- **Work order**
Your answer must be the lines from the top of the listing below through the line that holds "Brazalete: acero con", retyped exactly, with no pictures.

- **Collected data**
________
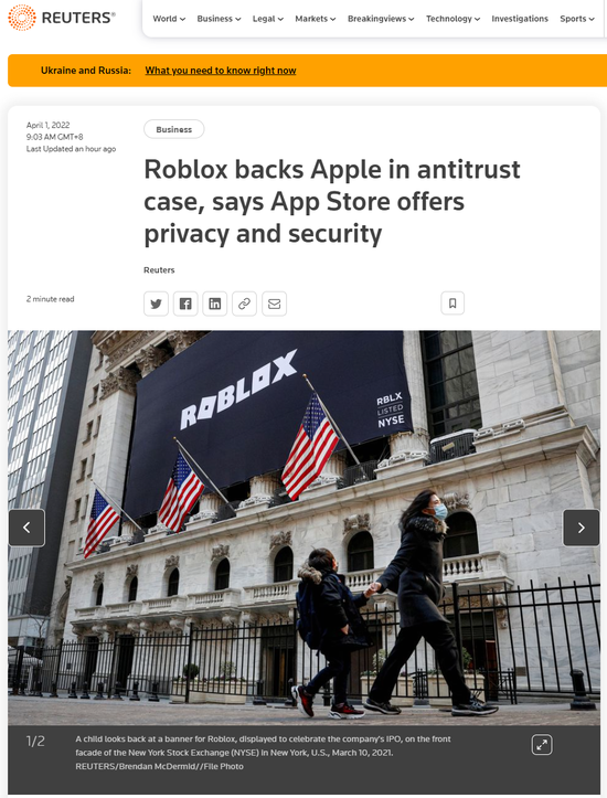 4月1日消息,据路透社报道,在线游戏平台Roblox Corp周四表示,苹果公司的App Store为其用户提供了隐私和安全方面的好处,其支持苹果在美国一起关键的反垄断案中赢下对Epic Games的上诉。
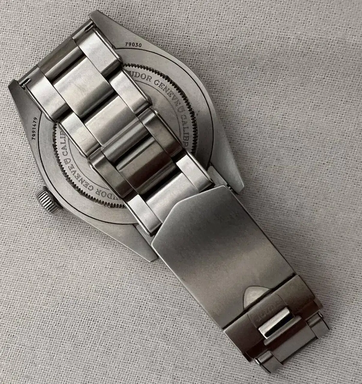 Brazalete: acero con ribetes, símbolo del reloj. Se incluyen todos los eslabones
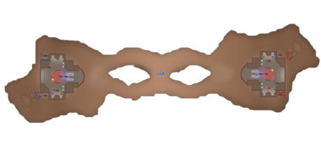The lay-out is very simple: 2 tall towers are placed on the opposite ends of a meteor. These towers are connected with 2 rocky paths that join briefly in the middle (resulting in an X shape, viewed from above). Sniping plays an important part in this map, as both towers have multiple sniper posts at various heights. Players spawn next to/behind the towers, and are thus vulnerable to the enemy's snipers until they are inside.
________
- **Answer area**
 4月1日消息,据路透社报道,在线游戏平台Roblox Corp周四表示,苹果公司的App Store为其用户提供了隐私和安全方面的好处,其支持苹果在美国一起关键的反垄断案中赢下对Epic Games的上诉。
 Brazalete: acero con ribetes, símbolo del reloj. Se incluyen todos los eslabones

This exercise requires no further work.